Contrariamente a quello che si pensa abitualmente, l’Illuminismo è un esito della storia cristiana. Paradossale, se si pensa che l’ideologia illuminista si è affermata spesso come un’opposizione radicale nei confronti della tradizione cristiana e del principio di autorità della religione nell’Europa moderna tra il XVII e il XVIII secolo. Un periodo segnato, da un lato, dalle guerre di religione (o meglio di politica religiosa, già all’indomani della Riforma luterana), scoppiate soprattutto tra cattolici e protestanti; e dall’altro lato, dalla lotta per il controllo e la moralizzazione della vita politica da parte delle Chiese. Con la conseguente ricerca di una possibile “tolleranza” che salvasse, grazie all’uso sensato della ragione e della conoscenza, dall’abuso di una legislazione morale di impronta religiosa imposta a tutta la società.

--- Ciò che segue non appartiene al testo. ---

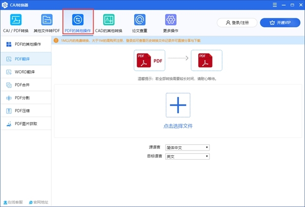 3、PDF的其他操作可以对PDF或Word文档进行处理。包含:PDF翻译、WORD翻译、PDF合并、PDF分割、PDF压缩、PDF图片获取;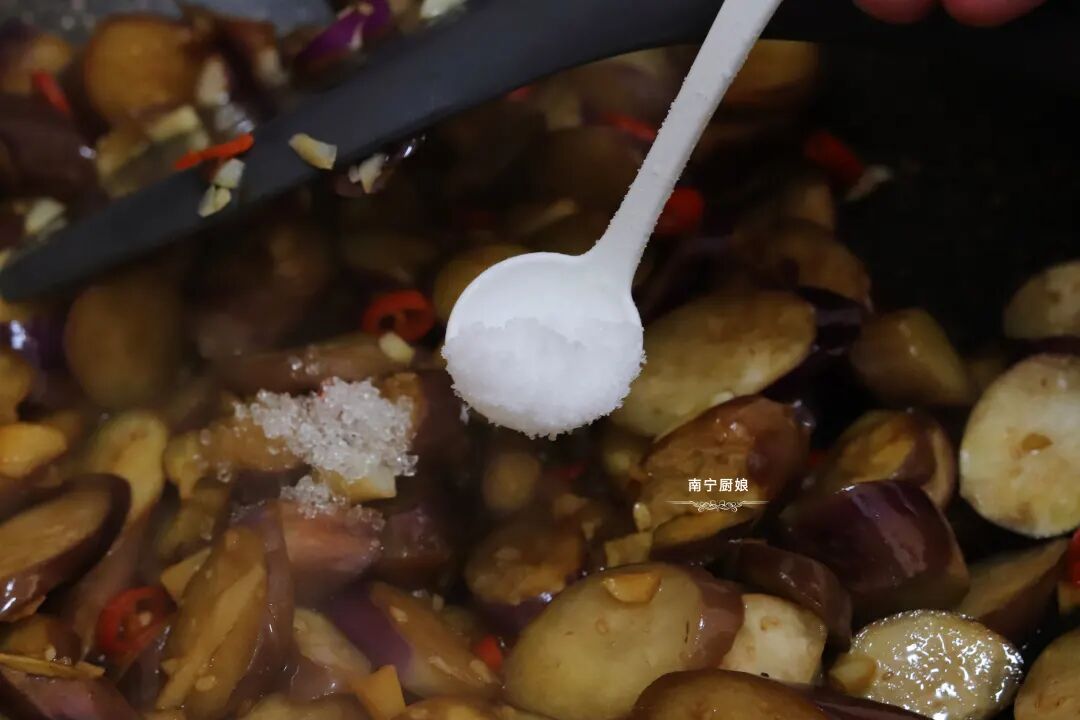 4、分别放入一勺生抽、半勺老抽、半勺白糖、1勺食盐调味,翻炒均匀。

Eppure questo fenomeno non è risolvibile solo come una contrapposizione frontale e teorizzata tra Illuminismo e cristianesimo (come nelle punte estreme degli idéologues francesi, à la Voltaire o Diderot, tra materialismo, scetticismo e “deismo”). In realtà, in molti altri casi l’Illuminismo europeo si concepisce piuttosto come il compimento o l'”inveramento” della tradizione cristiana. Ma — ecco il punto — intendendo tale inveramento come un riassorbimento dell’evento storico originario nella purezza della ragione morale.
L’esito di questa operazione interpretativa non deve però farci dare per scontata l’origine o l’imprinting cristiano dell’Illuminismo. È infatti per delle motivazioni prettamente storiche, e non astrattamente razionali, che l’Illuminismo ha potuto concepire i suoi principi fondamentali. Penso all’esaltazione della libertà e della ragione come costitutivi dell’individuo, o al diritto all’uguaglianza, o all’idea della storia come il progresso verso un fine compiutamente umano e razionale del mondo. Resta illuminante su questo tema il giudizio del cardinale Ratzinger in L’Europa di Benedetto e la crisi delle culture (Cantagalli, lev-Cantagalli, Roma-Siena 2005, pp. 42 ss.), su cui ha giustamente richiamato l’attenzione, come contributo essenziale per capire il momento presente, Julián Carron nei primi due capitoli del suo volume La bellezza disarmata (Rizzoli, Milano 2015).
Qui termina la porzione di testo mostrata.